(DATA EXCERPT)
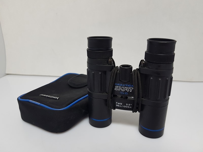 Praktica Sport 10x25 Rubber Coated Compact Binoculars with neck strap instructions and case Very good condition and working
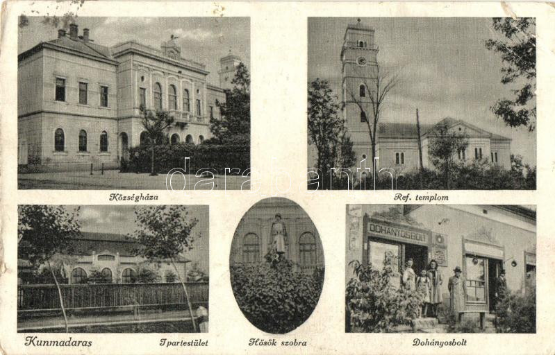 Kunmadaras, Községháza, Dohányosbolt, Ipartestület (EK) https://www.darabanth.com/de/306-Fernauktion/306.0/Ansichtskarten/Ungarn~300005/Kunmadaras-Kozseghaza-Dohanyosbolt-Ipartestulet-EK~II1449064
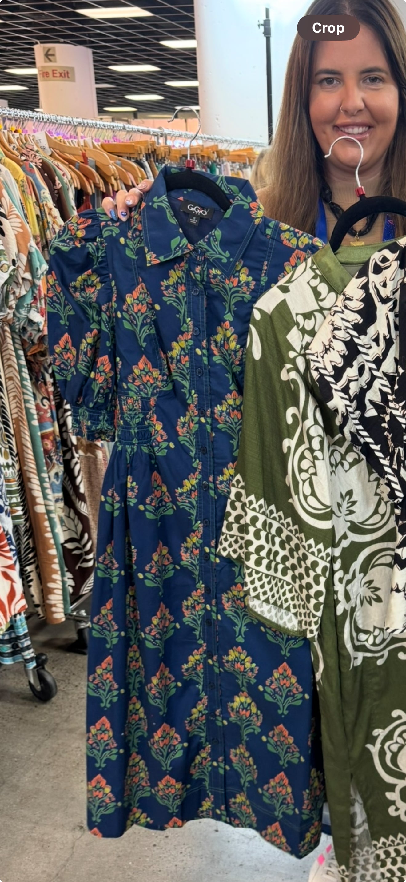 Floral Print Puff Sleeve Midi Shirt Dress with a Smocked Waist and Seaming Details.
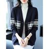 Chaqueta Larga de Suéter Jacquard Versátil Estilo Lazy Europeo y Americano Tejido Suelto Otoño e Invierno 2025 Nuevo Cárdigan Tejido para Mujer

(EXERCISE)
Text only, no pictures: please print exactly the lines above from the line with "Kunmadaras, Községháza, Dohányosbolt, Ipartestület" up to and including the line with "Floral Print Puff", and nothing else.

(TASK RESPONSE)
 Kunmadaras, Községháza, Dohányosbolt, Ipartestület (EK) https://www.darabanth.com/de/306-Fernauktion/306.0/Ansichtskarten/Ungarn~300005/Kunmadaras-Kozseghaza-Dohanyosbolt-Ipartestulet-EK~II1449064
 Floral Print Puff Sleeve Midi Shirt Dress with a Smocked Waist and Seaming Details.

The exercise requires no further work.